LOUIS et al. V. OKADA et al. - Page 6




              Interference No. 104,312                                                                                         
              Sauer Inc. v. Kanzaki Kokyukoki Mfg. Co., Ltd.                                                                   

                      18, According to Sauer, from November 26, 1987, to February 28, 1988, it worked on                       
              two of the four concepts marked for further study at the November 1987 meeting. Sauer admits                     
              that neither one of these concepts which it had worked on during that three month time period is                 
              within the scope of the count in this interference. (Br. at 25.)                                                 

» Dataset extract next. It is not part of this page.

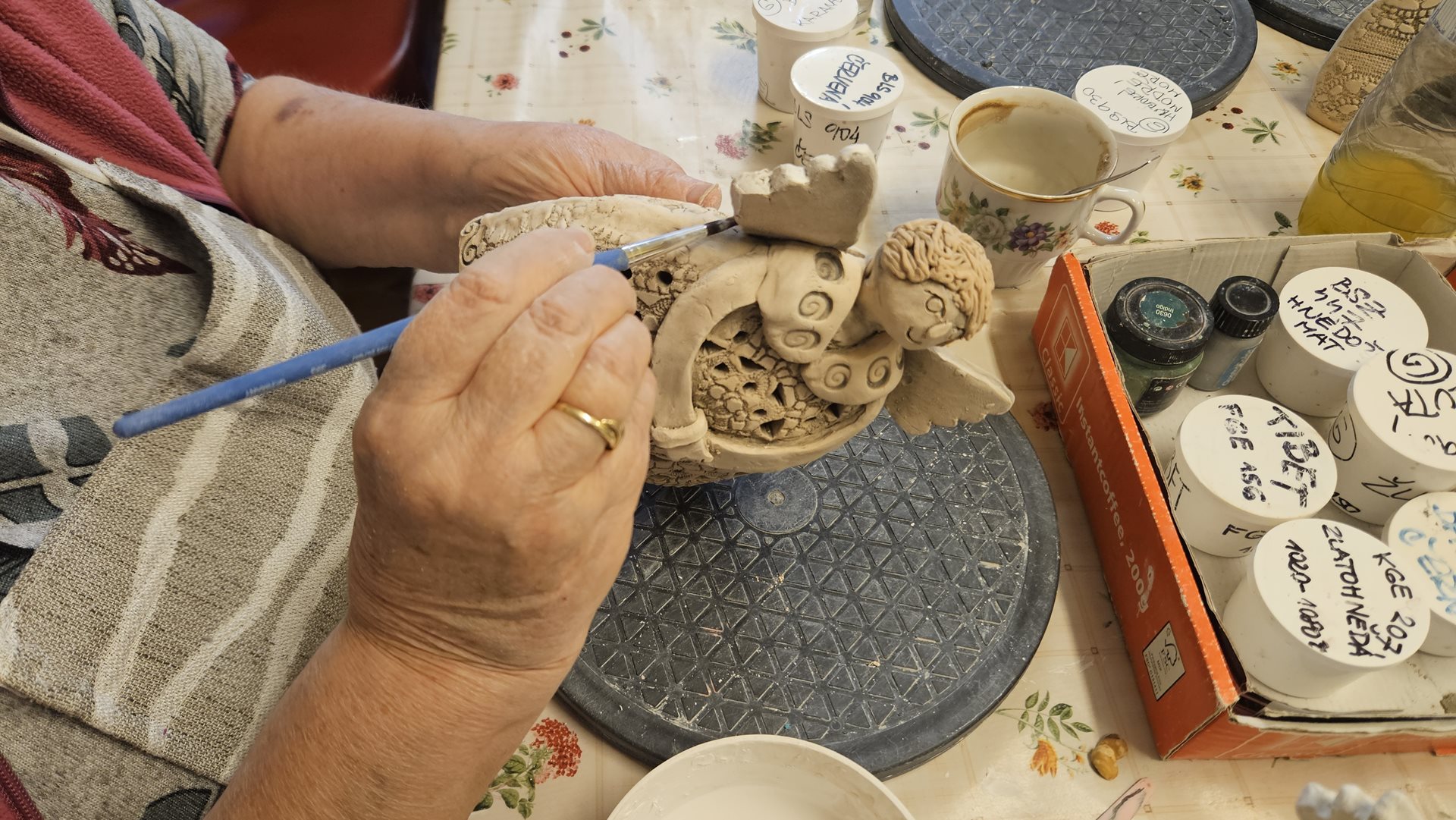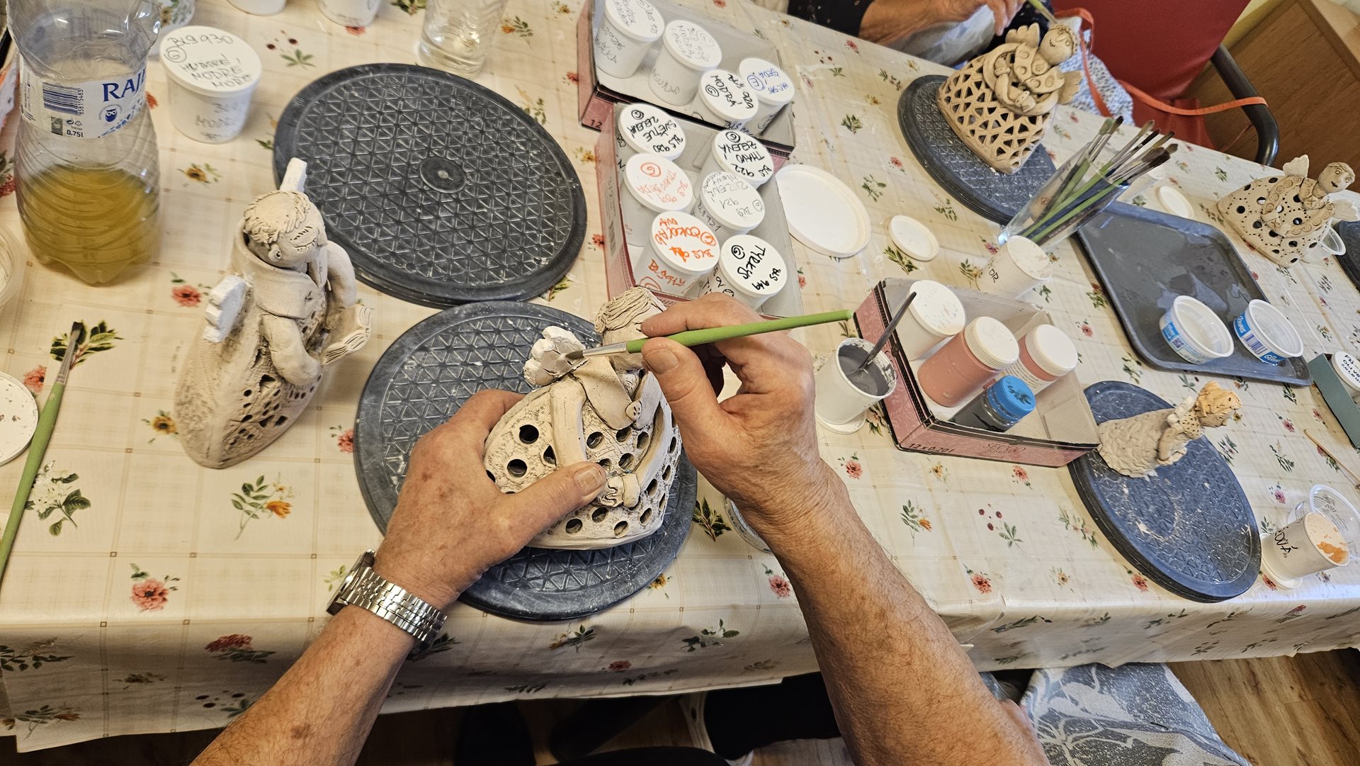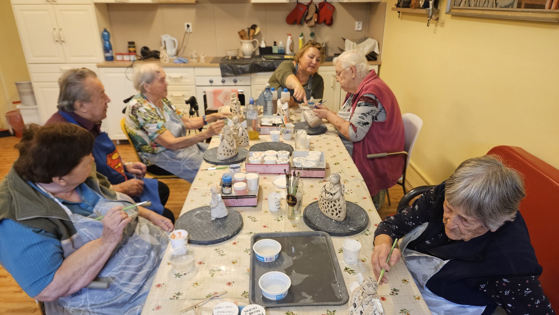 Keramickou dílnu otevíráme pravidelně 2-3 krát do měsíce a schází se nám v ní už ustálený počet nadšenců. Pod vedením zkušené výtvarnice Romany vznikají dílka, která by si právoplatně zasloužila místo na stáncích vánočních trhů. A tak jsme dostali nápad. Jeden takový si v prosinci uděláme. A představíme tam nejen výrobky z keramiky, ale i z ostatních výtvarných kroužků a aktivit. Z korálkování, z háčkování, z kuchyně. A tak se na to se začínáme se vší vervou chystat. A klienti se těší, že výsledky jejich práce při hodinách aktivizace uvidí nejen jejich spolubydlící a rodinní příslušníci, ale i zaměstnanci, děti a rodiče z mateřské školky, naši podporovatelé z Centra Na Fialce i z města Říčany a lidé z blízkého okolí. Sledujte náš web. S termínem za Vámi brzy přijdeme.

                                                          Discussion                                                           
                      Although argued by Sauer in its brief for final hearing, derivation of the invention of the              
              count from Sauer by Kanzaki's named inventor was withdrawn as an issue in this case per the                      
              representation of Sauer's counsel during oral argument on May 29, 2002. See Transcript of Final                  
              hearing at 68 and 70. Accordingly, that issue is no longer before us.                                            
                      Junior party Sauer does not allege that it reduced the invention of the count to practice                
              prior to Kanzaki's accorded benefit date of February 3, 1988. Rather, it seeks to prevail on the                 
              issue of priority by asserting that it had a prior conception which is coupled with reasonable                   
              diligence from a time prior to conception of the invention by Kanzaki's inventor to Sauer's own                  
              reduction to practice. See 35 U.S.C. § 102(g).                                                                   
                      "The reasonable diligence standard balances the interest in rewarding and encouraging                    
              invention with the public's interest in the earliest possible disclosure of innovation." Griffith v.             
              Kanamarul 816 F.2d 624, 626, 2 USPQ2d 1361, 1362 (Fed. Cir. 1987). General allegations are                       
              insufficient to demonstrate reasonable diligence. Wiesner v. Weigert, 666 F.2d 582, 588-89, 212                  
              USPQ 721, 727 (CCPA 198 1). Evidence of diligence must be specific as to dates and facts.                        
              Kendall v. Searles, 173 F.2d 986, 993, 81 USPQ 363, 369 (CCPA 1949).